Why did Ukraine say?

  • Ukrainian officials have roundly ridiculed Russia’s latest steps towards annexation and mobilisation, saying Moscow is behaving in a desperate manner having faced battlefield defeats.
  • Ukrainian President Volodymyr Zelenskyy’s adviser, Mykhaylo Podolyak, mocked Moscow’s latest steps in a Twitter post.
  • “Everything is still according to the plan, right?

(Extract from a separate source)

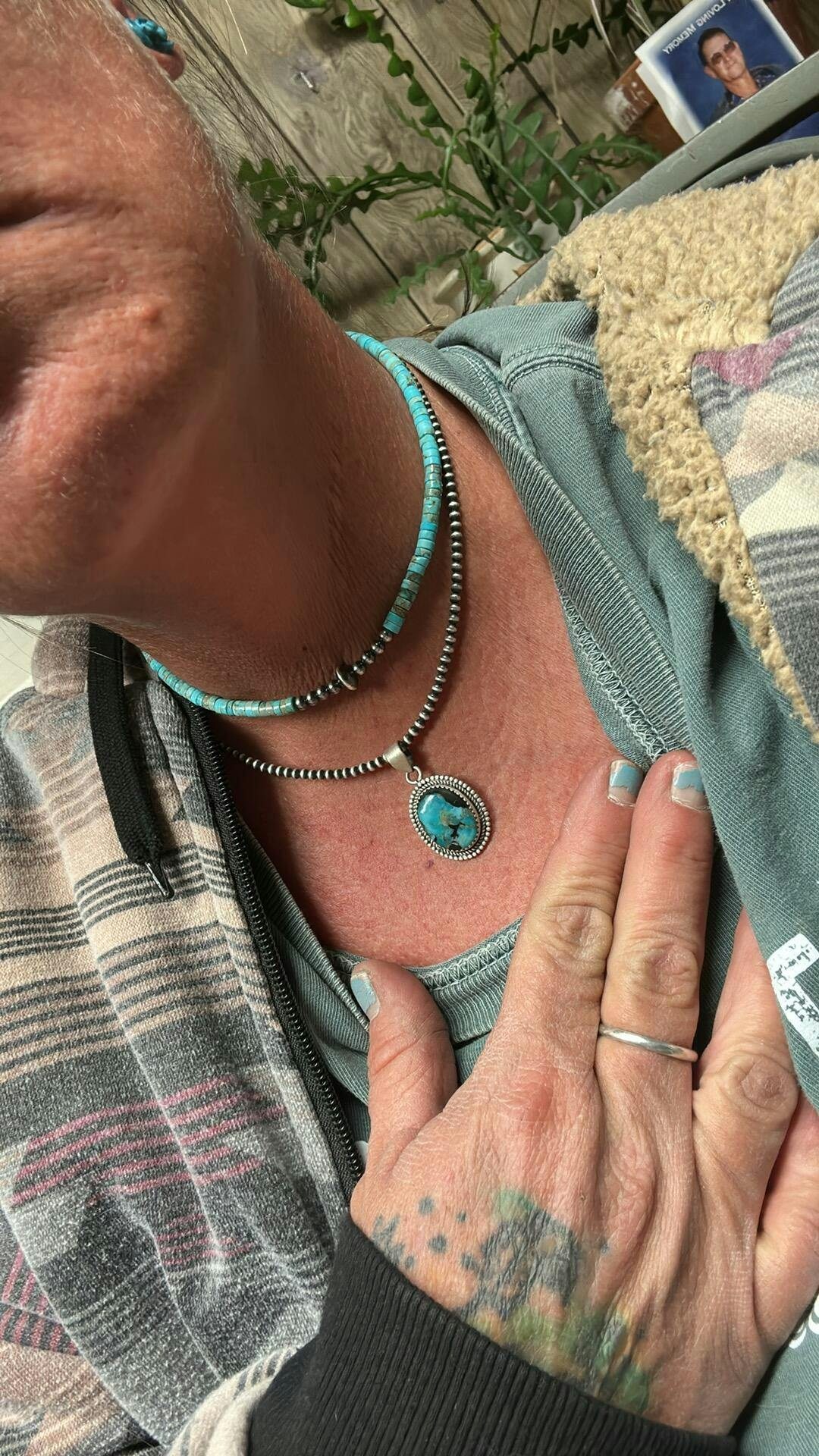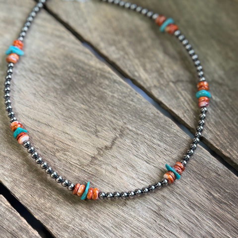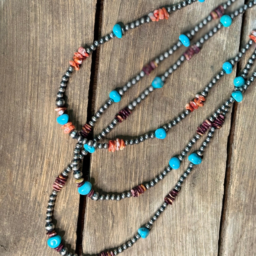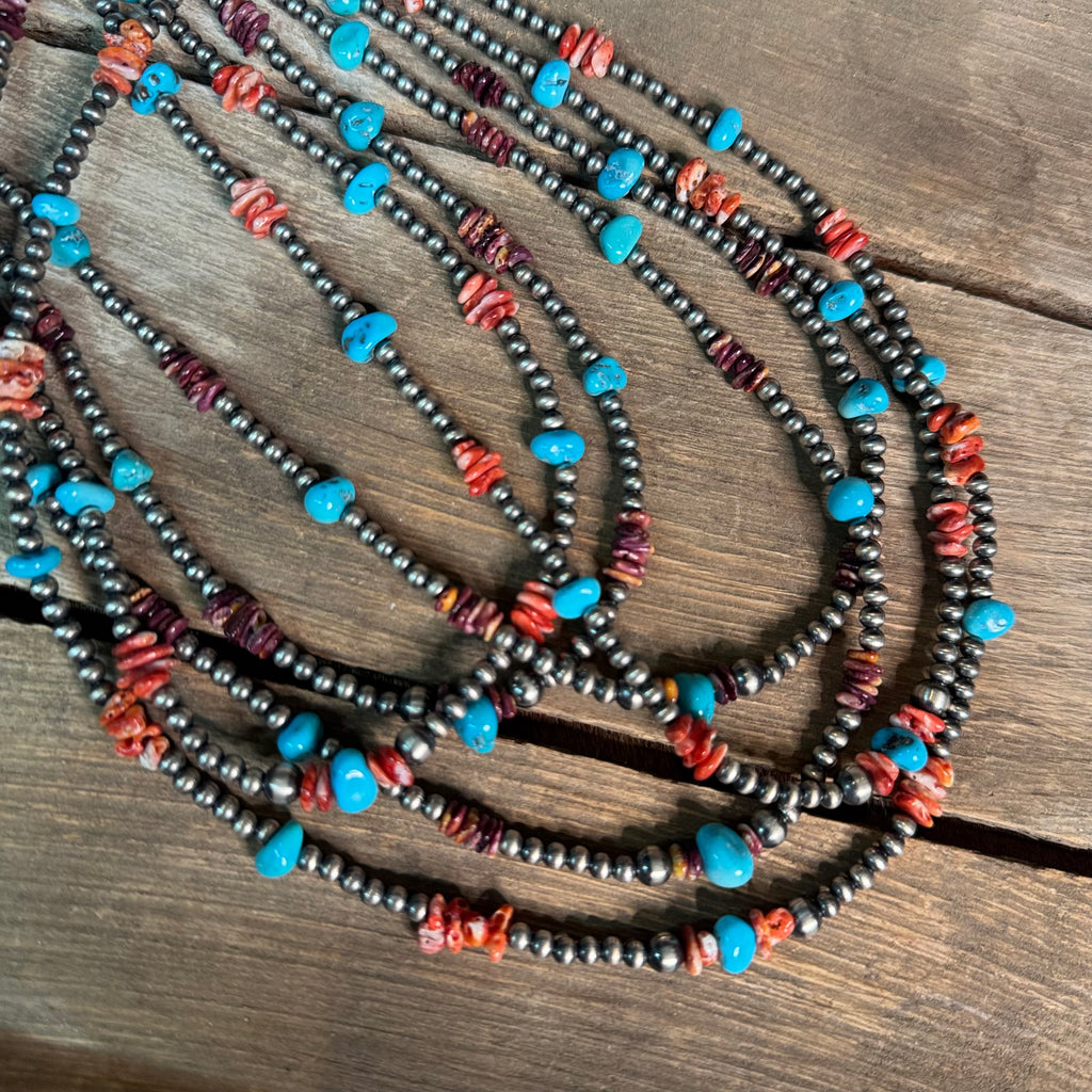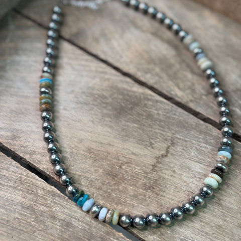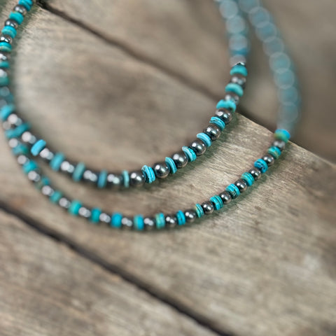 This piece features solid sterling silver beads and authentic American-mined turquoise, all hand-strung in America. Made with real stones and traditional craftsmanship, it reflects the kind of quality and authenticity that never goes out of style. A true everyday essential for collectors and turquoise lovers alike.
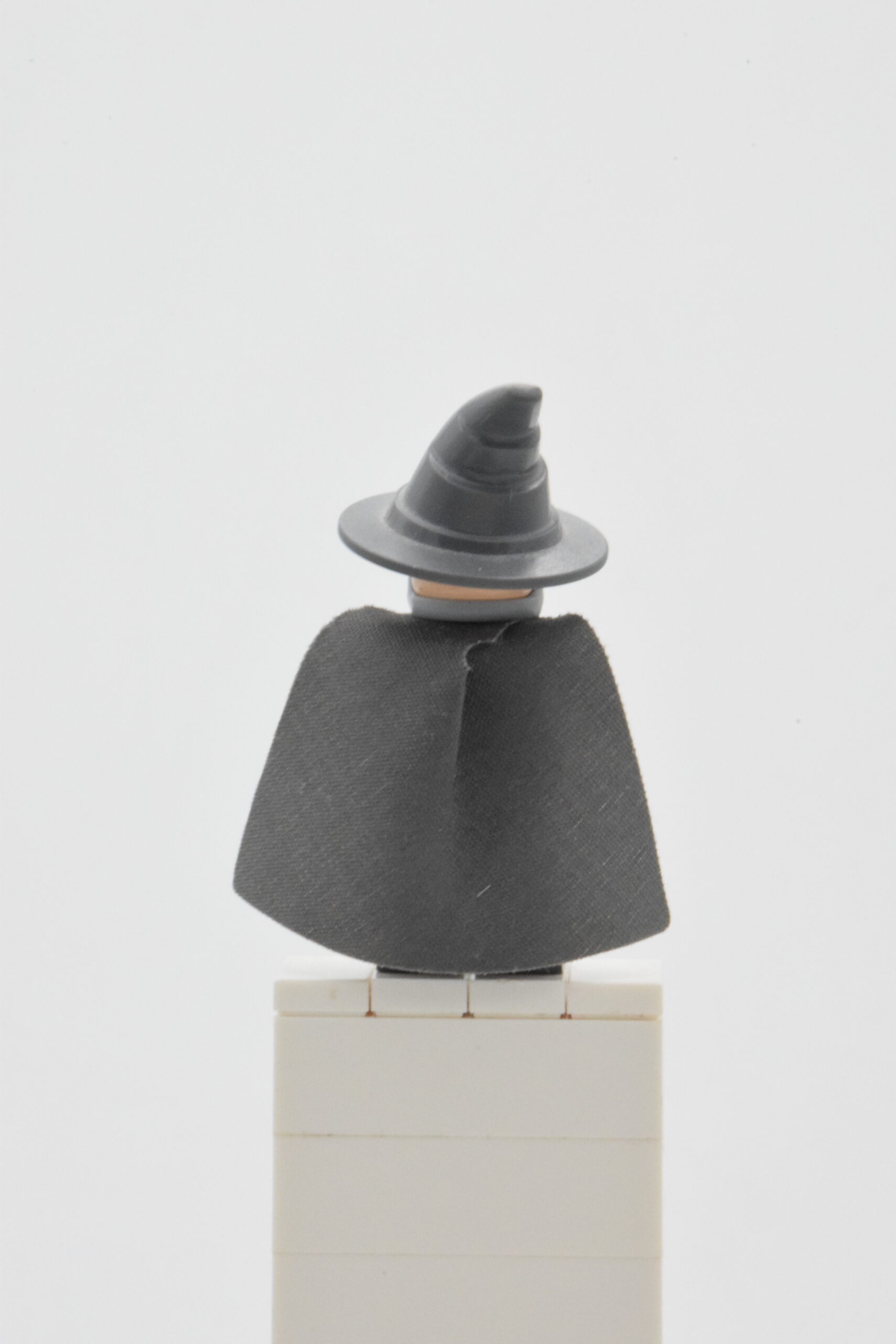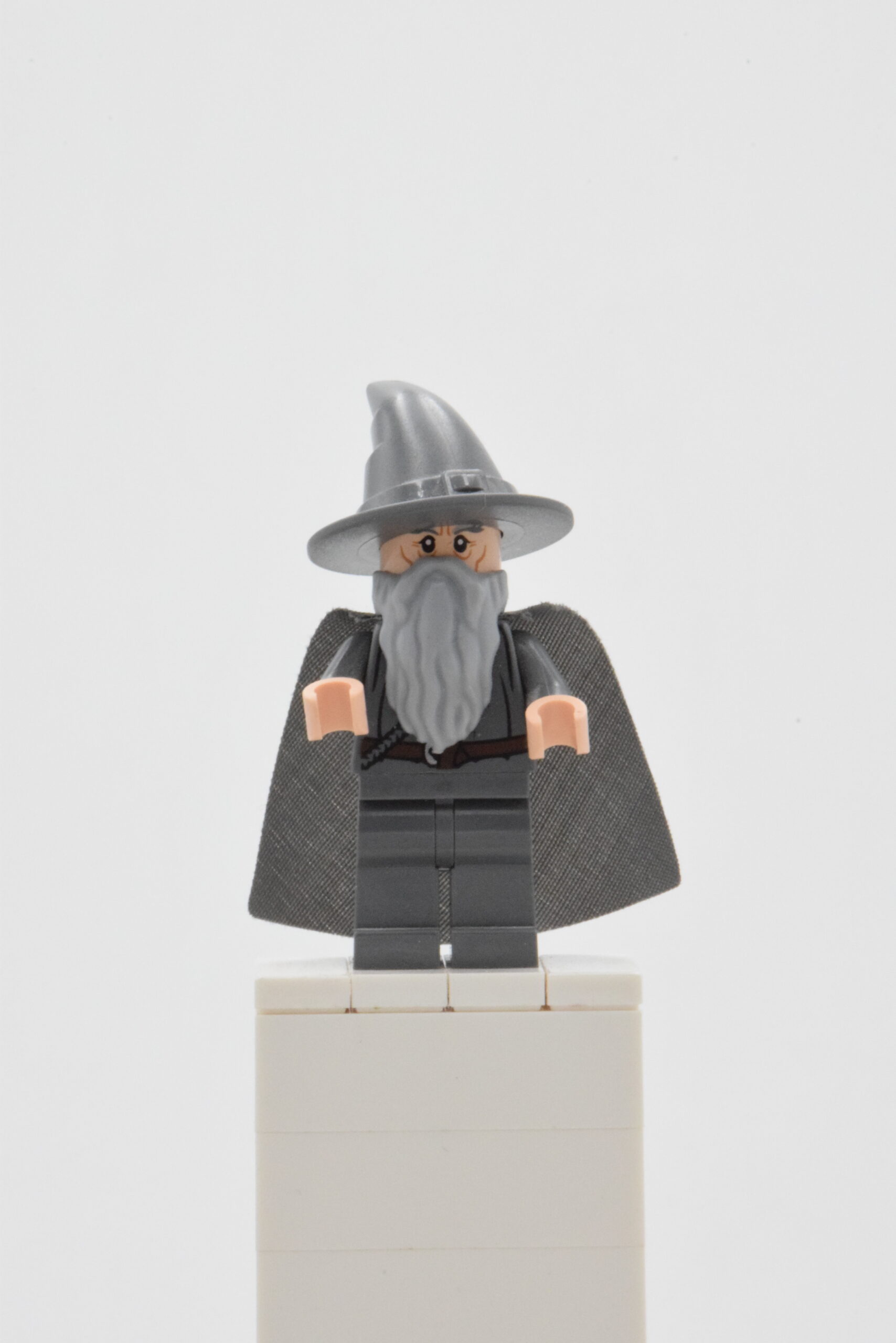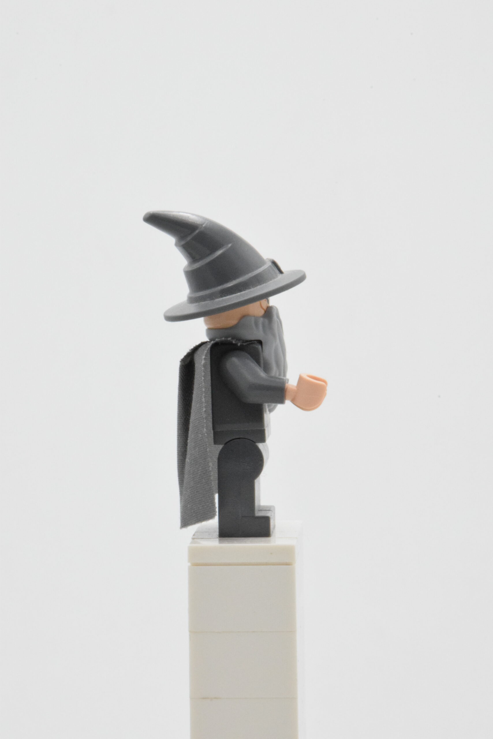 Ce Gandalf est conçu avec un visage affichant des rides et une barbe longue blanche, témoignant de sa sagesse et de ses nombreuses aventures à travers la Terre du Milieu. Son torse est orné de motifs de robe grise usée, fidèles aux films, soulignant une apparence qui a bravé le temps et les épreuves. Les jambes reprennent les nuances grises et les détails de texture de la cape qui semble repliée ou usée à certains endroits.

Life has a great sense of humour,” he wrote.
  • “210th day of the ‘three-day war’. Russians who demanded the destruction of Ukraine ended up getting: 1. Mobilisation 2. Closed borders, blocking of bank accounts, 3. Prison for desertion,” said Podolyak.

What were the immediate economic effects?

  • The euro tumbled to a two-week low against the dollar, European stock markets slipped, and investors piled into safe-haven bonds, pushing yields on German and US government debt down.
  • Investors sought the safety of US Treasurys and the Japanese yen.
  • British and Dutch gas prices rose amid fears of a renewed hit to global financial and energy markets.
  • Russia’s rouble slumped to a more than two-month low, heading towards 63 to the dollar.
  • “The initial implications are clear: it’s a potential escalation which is negative for the outlook in the eurozone, and so it’s unsurprising that the euro is weaker. It has boosted risk aversion more broadly, so the dollar is stronger,” Colin Asher, a senior economist at Mizuho Corporate Bank, told Reuters.
  • “It was interesting to me that dollar/yen dipped on the news of the announcement, potentially indicating a return of the yen’s safe-haven credentials, which have been absent for much of the year.”